OWYHEE DAM (Day 3 - part 3)
Our morning's flight (red numbers): (1) airport; (2) Black Canyon Dam; (3) cycle park; (4) Lake Lowell; (5) Lizard Butte
Our current drive (blue): (1) Garage Cafe; (2) hop fields; (3) Owyee Dam; (4) wineries
Eventually we left the hop fields and other crops appeared.
Potatoes, perhaps?
Crossing into Oregon
The Snake River
The Owyhee River Canyonlands was also a volcanic creation.
The Yellowstone hotspot (the same one that created Craters of the Moon) was also here, around 15 million years ago.
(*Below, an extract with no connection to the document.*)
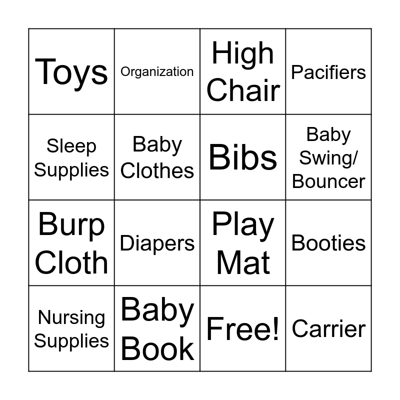 This bingo card has 17 words: Free!, Nursing Supplies, High Chair, Toys, Diapers, Pacifiers, Booties, Bibs, Baby Swing/ Bouncer, Baby Clothes, Baby Book, Play Mat, Sleep Supplies, Organization, Burp Cloth, Bath Supplies and Carrier.

Remember, it wasn't the hot spot that moved, but rather the land itself moved over it.
On each side of the river was a long, large white pipe. Known as the Owyhee siphon, they are part of a large irrigation project that distributes water from the reservoir to the surrounding farmlands. The Owyhee Project includes the Owyhee Dam (which we were on our way to see), canals, pipelines, tunnels and pumping plants.
The pipe disappeared into the ground, under the road.
Connecting with the top of each pipe was a canal (which we couldn't see from the road but is visible from this aerial map).
Rugged, volcanic rock
The Owyhee River flows through this wilderness for 120 miles.
Fishermen
(left) A large camper gives some sense of scale.
Eventually we arrived at the dam.
The Owyhee Dam is a concrete arch-gravity dam on the Owyhee River. It was completed in 1932 during the Great Depression. The dam generates electricity and provides irrigation water for both Oregon and Idaho. At over 417 feet tall, it was world's highest dam upon completion (but was surpassed in 1934 by a dam in France which was 448 feet tall). It is 833 feet long along the crest (265 feet wide at the base).
Front (river) side of the dam
Water can be released from the dam via these outlet pipes.
Possibly an old pumping station, or some other once-helpful building
Top of the dam
Back (reservoir) side of the dam
This spillway is in the form of a 60-foot-diameter tunnel. It's mostly needed during the spring run-off.
Sean overlooks the Owyhee Reservoir.
Markings of previous water levels
A variety of rock colors
The road continued on but we knew it would quickly get too rough for our vehicle.
We took a short climb up a hill to the power station that overlooked the dam.
Power is carried away down the valley.